= Given information =
****************************************

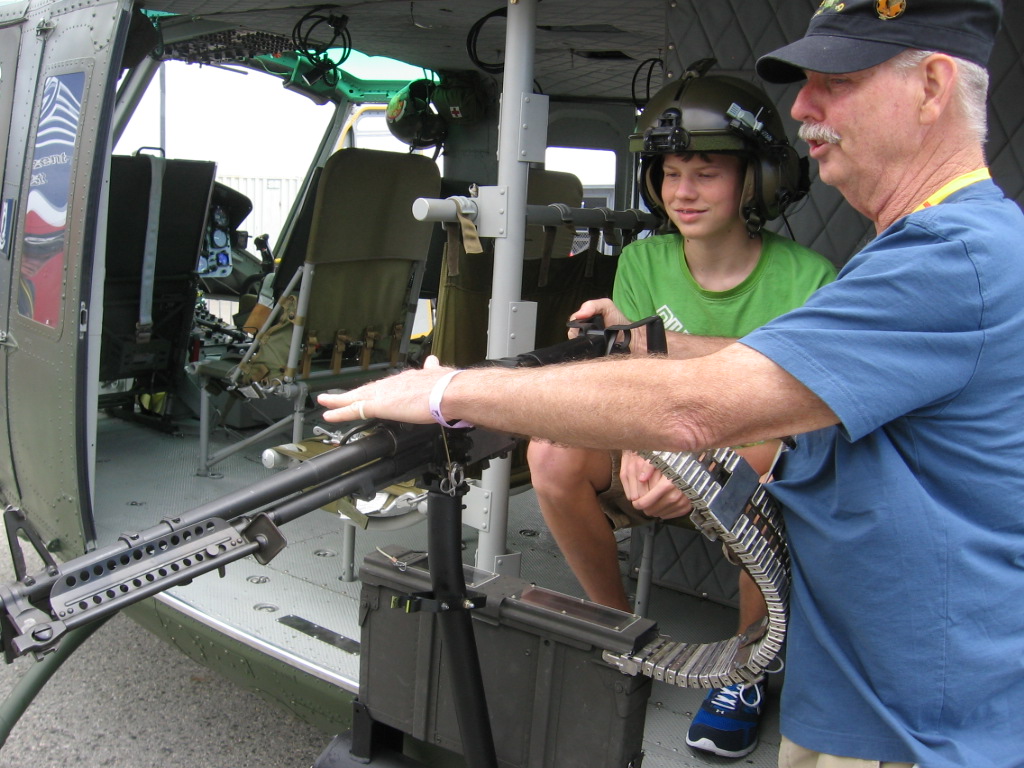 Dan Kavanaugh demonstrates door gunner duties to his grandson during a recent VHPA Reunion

****************************************

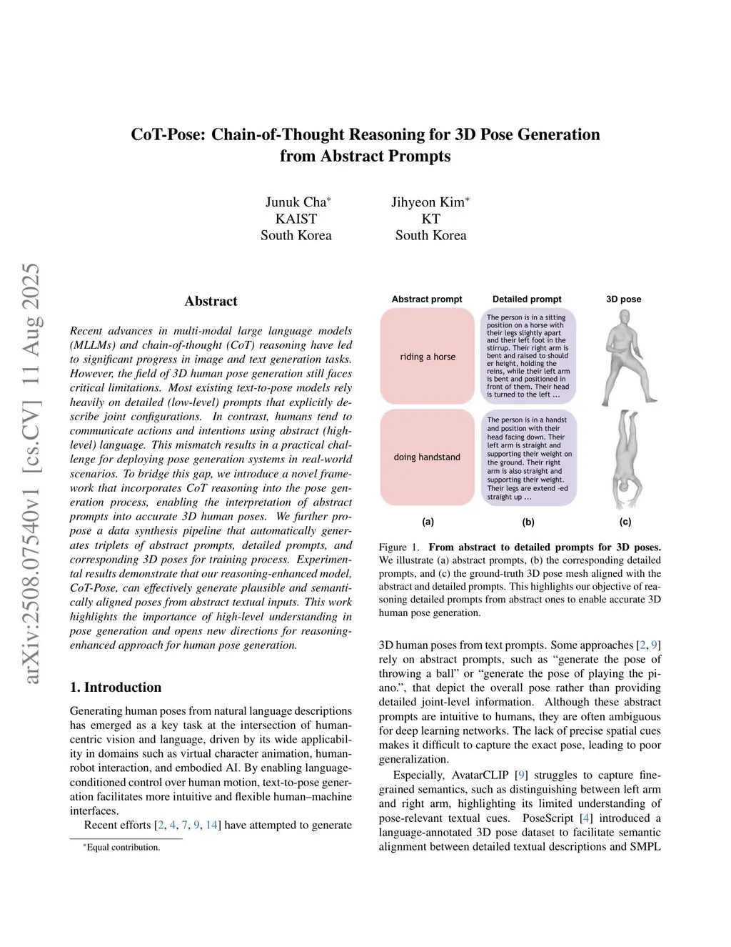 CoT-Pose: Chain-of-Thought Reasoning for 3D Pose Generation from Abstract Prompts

****************************************

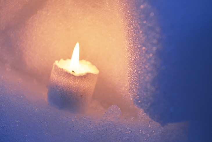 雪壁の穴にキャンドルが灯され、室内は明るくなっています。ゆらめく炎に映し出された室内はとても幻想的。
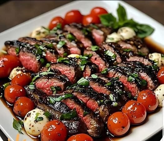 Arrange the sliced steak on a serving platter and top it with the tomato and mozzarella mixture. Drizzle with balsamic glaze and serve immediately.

****************************************

= What is required =
Output only the stretch above from the line with "雪壁の穴にキャンドルが灯され" through the line with "Arrange the sliced", reproduced exactly. Exclude pictures.

= Task output =
 雪壁の穴にキャンドルが灯され、室内は明るくなっています。ゆらめく炎に映し出された室内はとても幻想的。
 Arrange the sliced steak on a serving platter and top it with the tomato and mozzarella mixture. Drizzle with balsamic glaze and serve immediately.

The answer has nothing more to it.